→ **Task details**:
Your answer must be the records below, repeated exactly, with every picture left out.

-=-=-=-=-

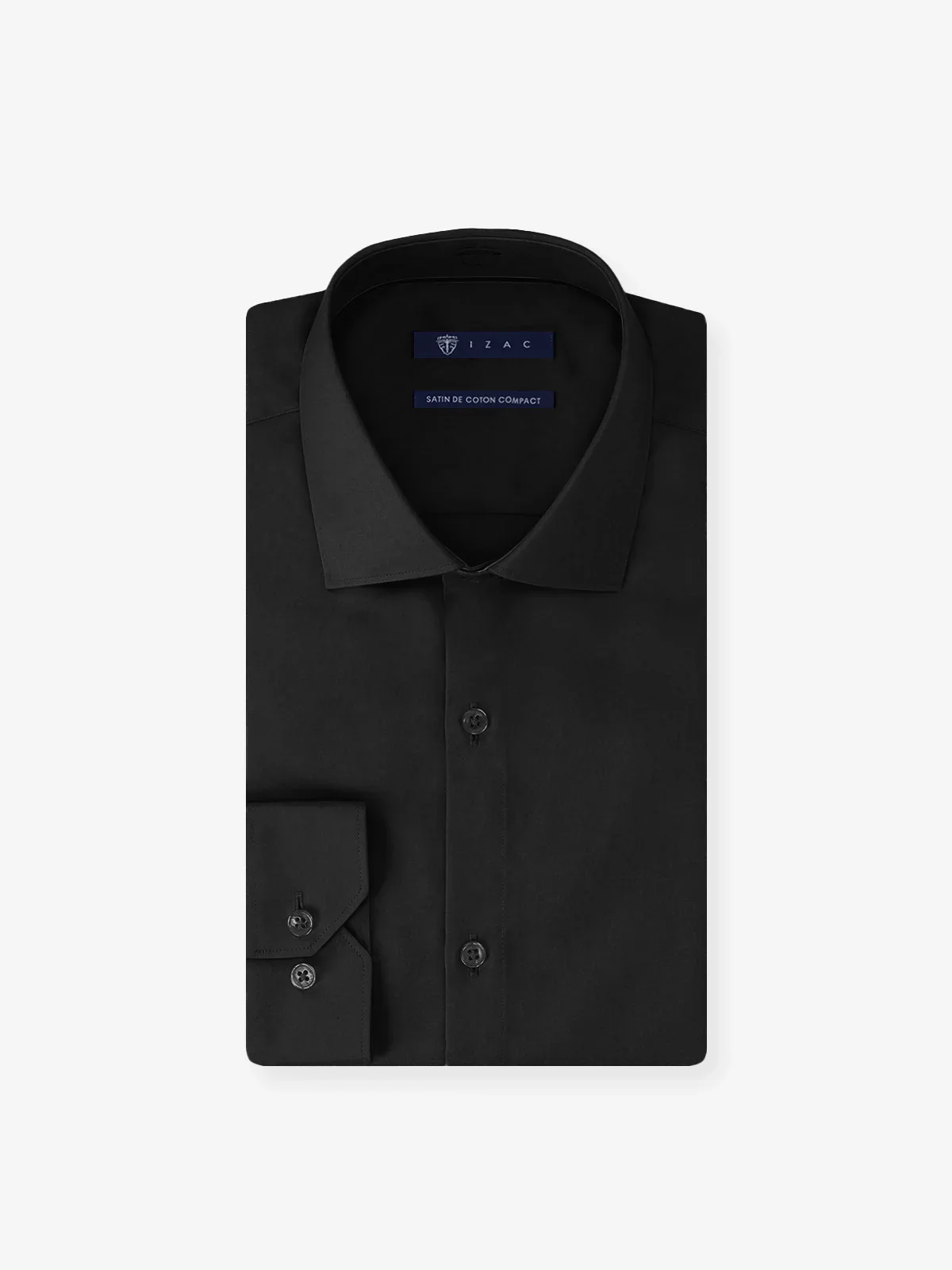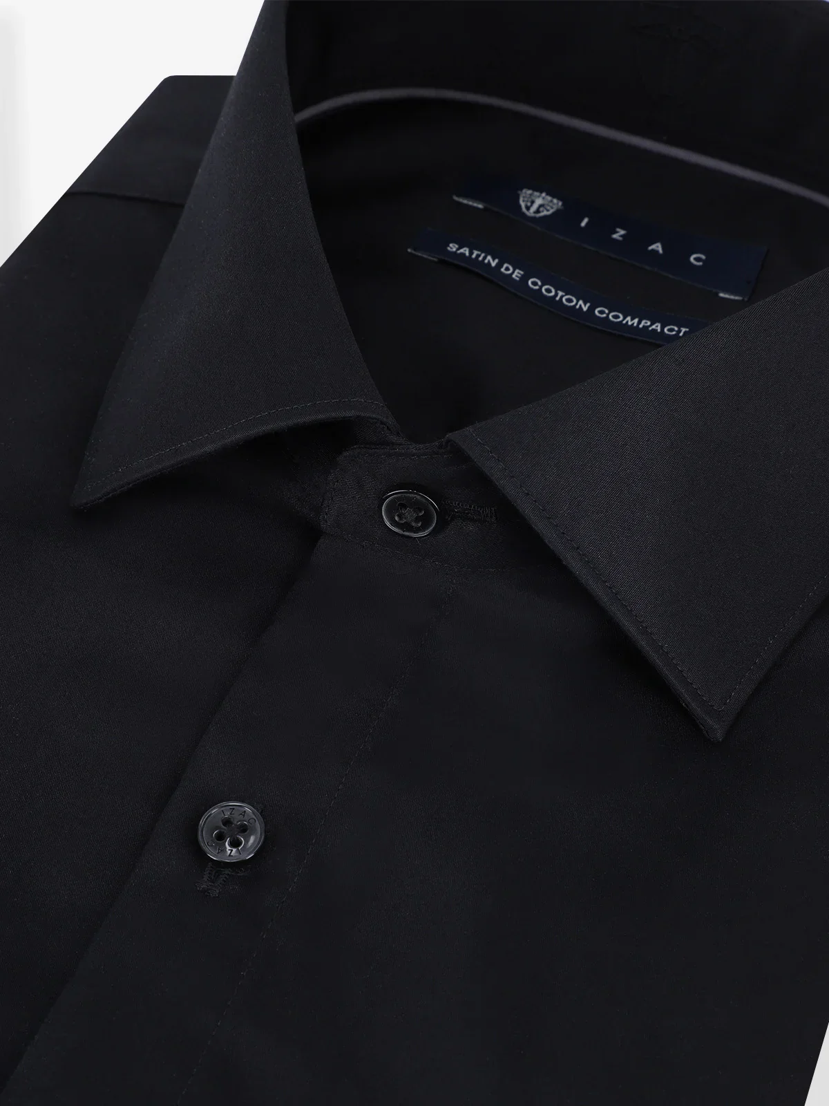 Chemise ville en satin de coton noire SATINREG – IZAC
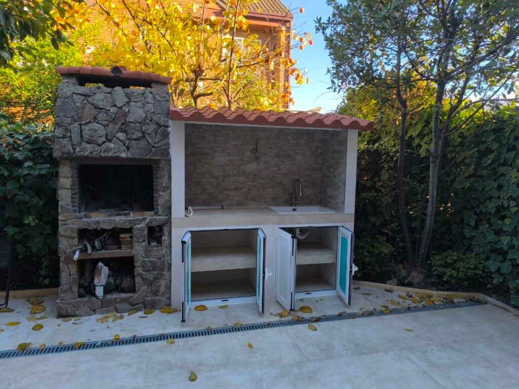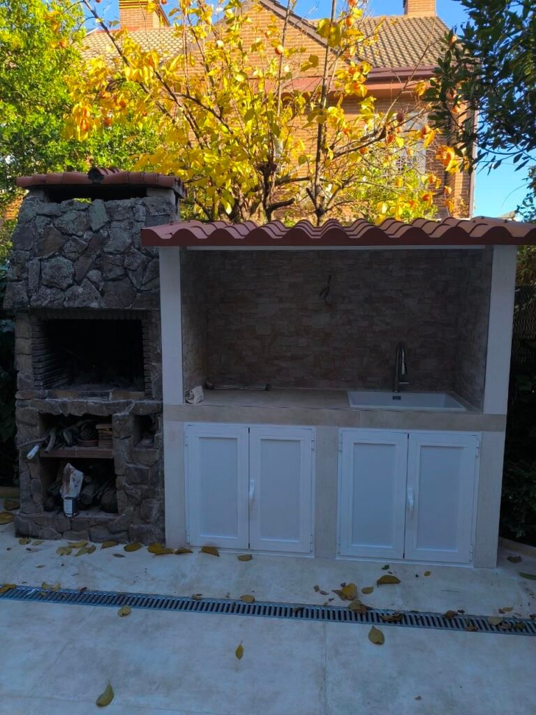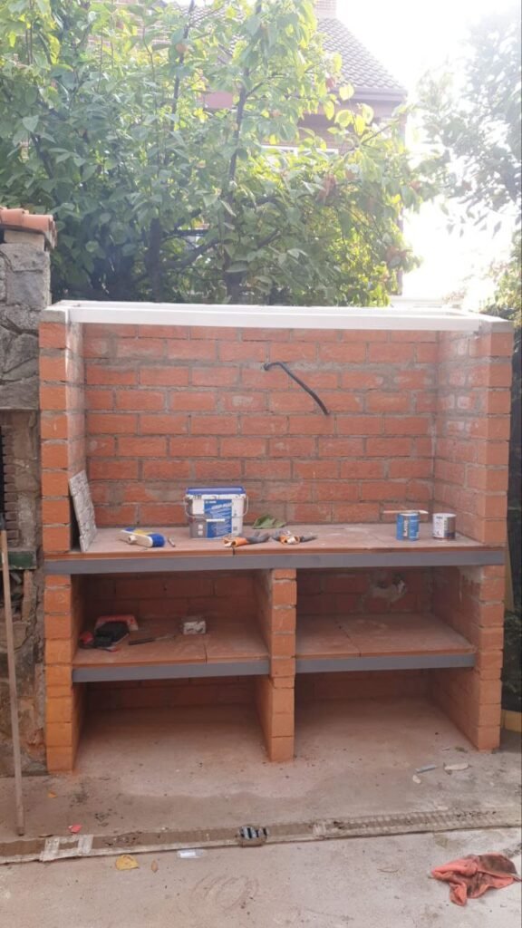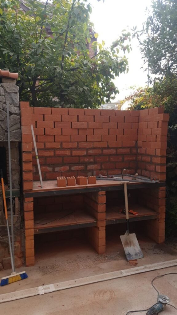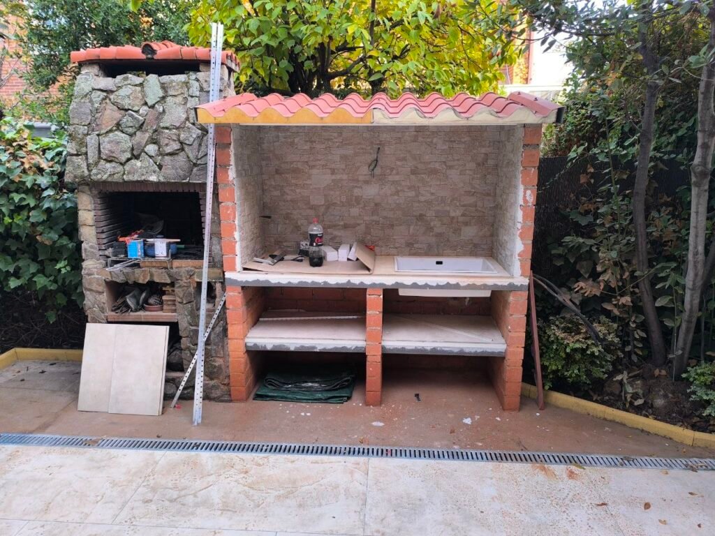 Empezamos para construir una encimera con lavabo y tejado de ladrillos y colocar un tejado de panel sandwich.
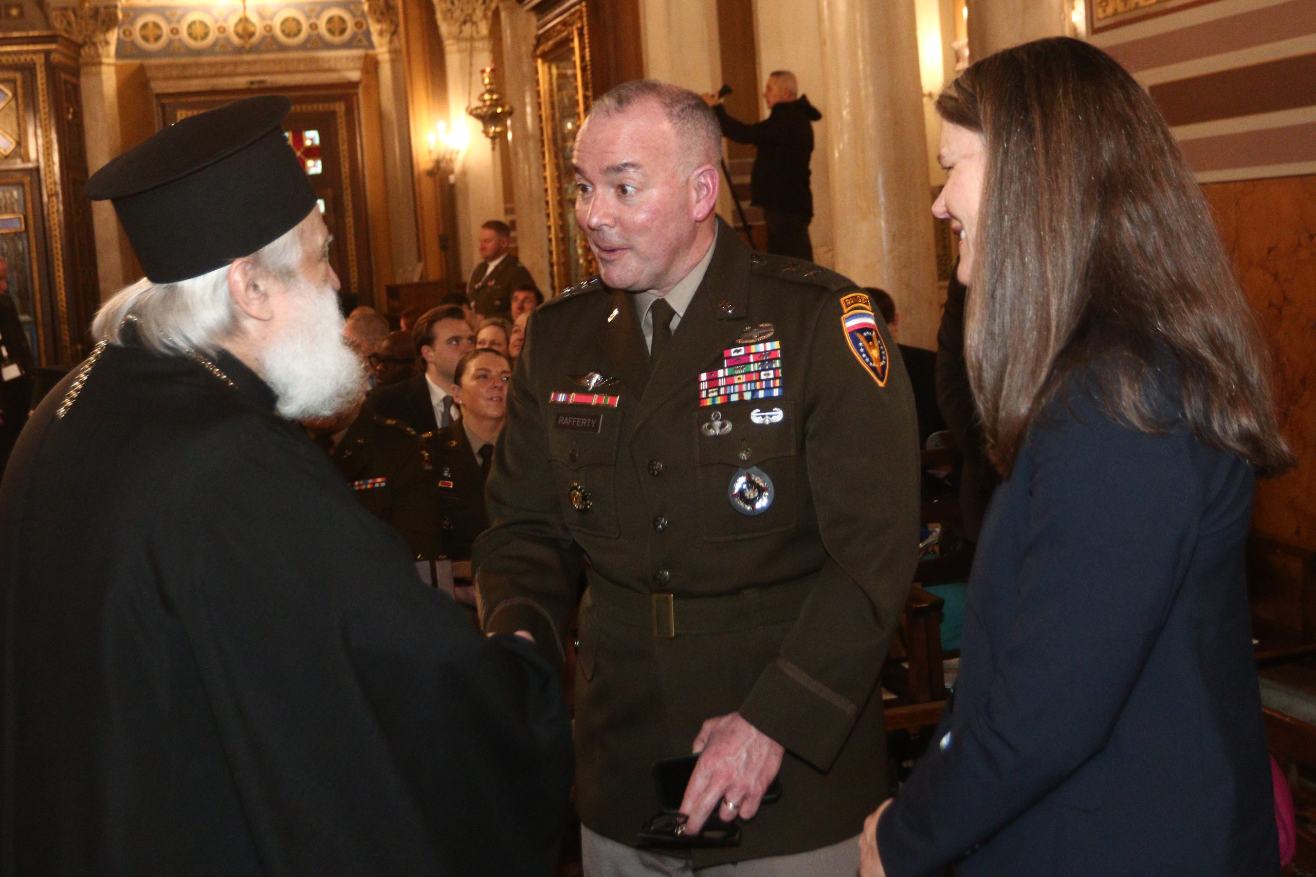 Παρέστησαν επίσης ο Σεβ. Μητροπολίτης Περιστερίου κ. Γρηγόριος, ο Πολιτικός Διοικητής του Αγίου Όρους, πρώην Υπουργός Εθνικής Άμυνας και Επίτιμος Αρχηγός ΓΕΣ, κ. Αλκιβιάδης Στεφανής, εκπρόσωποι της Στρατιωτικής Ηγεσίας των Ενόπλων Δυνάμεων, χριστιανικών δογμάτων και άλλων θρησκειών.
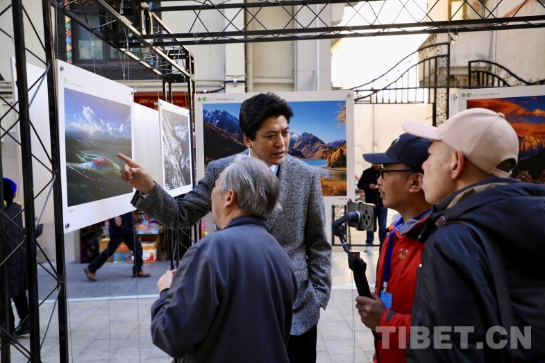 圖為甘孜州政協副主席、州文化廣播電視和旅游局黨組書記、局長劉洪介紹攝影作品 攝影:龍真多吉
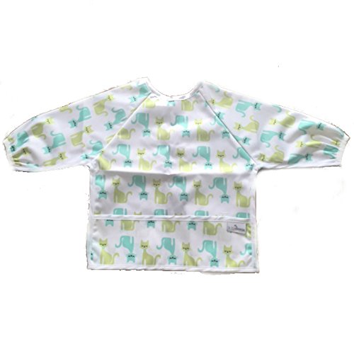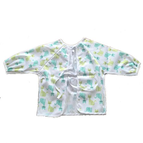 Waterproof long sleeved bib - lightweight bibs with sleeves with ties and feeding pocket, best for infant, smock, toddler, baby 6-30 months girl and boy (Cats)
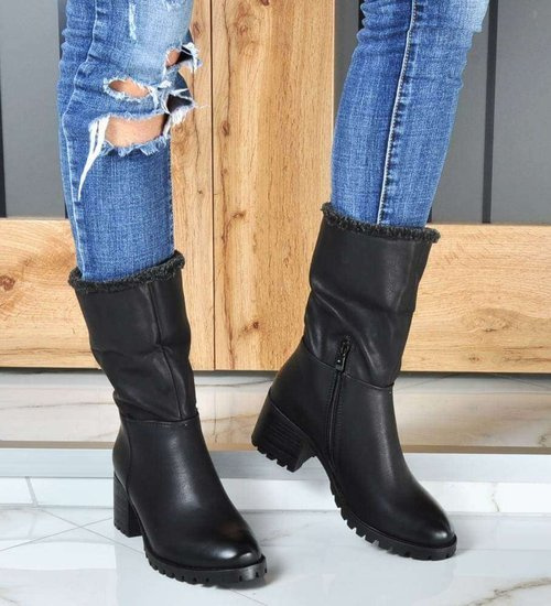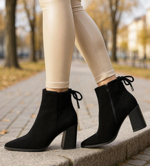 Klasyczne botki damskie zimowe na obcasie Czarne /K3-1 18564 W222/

-=-=-=-=-

→ **Exercise output**:
 Chemise ville en satin de coton noire SATINREG – IZAC
 Empezamos para construir una encimera con lavabo y tejado de ladrillos y colocar un tejado de panel sandwich.
 Παρέστησαν επίσης ο Σεβ. Μητροπολίτης Περιστερίου κ. Γρηγόριος, ο Πολιτικός Διοικητής του Αγίου Όρους, πρώην Υπουργός Εθνικής Άμυνας και Επίτιμος Αρχηγός ΓΕΣ, κ. Αλκιβιάδης Στεφανής, εκπρόσωποι της Στρατιωτικής Ηγεσίας των Ενόπλων Δυνάμεων, χριστιανικών δογμάτων και άλλων θρησκειών.
 圖為甘孜州政協副主席、州文化廣播電視和旅游局黨組書記、局長劉洪介紹攝影作品 攝影:龍真多吉
 Waterproof long sleeved bib - lightweight bibs with sleeves with ties and feeding pocket, best for infant, smock, toddler, baby 6-30 months girl and boy (Cats)
 Klasyczne botki damskie zimowe na obcasie Czarne /K3-1 18564 W222/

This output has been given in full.